Since this CC Switch bridging approach is essentially API-level forwarding, all of Claude Code's interactive features (file read/write, command execution, etc.) work normally — only the underlying reasoning model changes. However, note that different models may vary in their support for tool use. Claude Code's agent capabilities heavily depend on the model accurately generating structured tool-call instructions (such as reading files, executing commands, etc.). If the target model's function calling isn't stable enough, you may occasionally encounter tool-call failures. DeepSeek V4's compatibility in this area is quite mature, but if you run into issues, try reducing task complexity or switching back to the Pro model.

Summary

With CC Switch, developers can flexibly call DeepSeek V4 and other third-party models from Claude Code without changing their workflow. The setup is quick and simple — just three core steps: install the tool → get your key → enter the configuration. If you're looking for a lower-cost alternative for Claude Code or want to compare different models' programming capabilities, this approach is worth trying.

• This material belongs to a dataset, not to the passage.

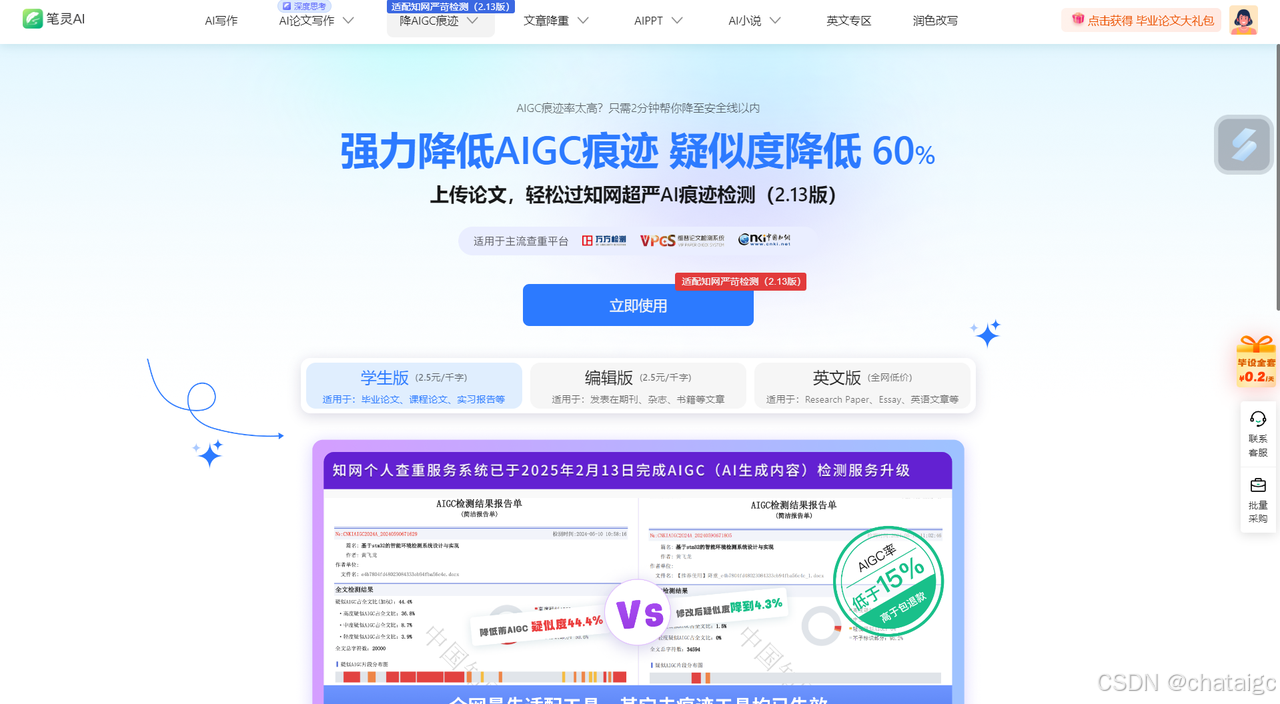 想要一键降低AIGC?那就去使用AI工具辅助,比如笔灵AI,只需要简单的三步即可完成。笔灵AI的论文降AIGC痕迹功能针对新版检测系统进行了服务升级优化,现在是适配知网严苛检测的2.13版!

This ability to flexibly switch models also represents an important trend in AI programming tools: the decoupling of the tool layer from the model layer. In the future, developers won't be locked into a single model ecosystem. Instead, they'll dynamically choose the most suitable underlying model based on task characteristics, cost budget, and response speed — as naturally as choosing different compilers or runtimes.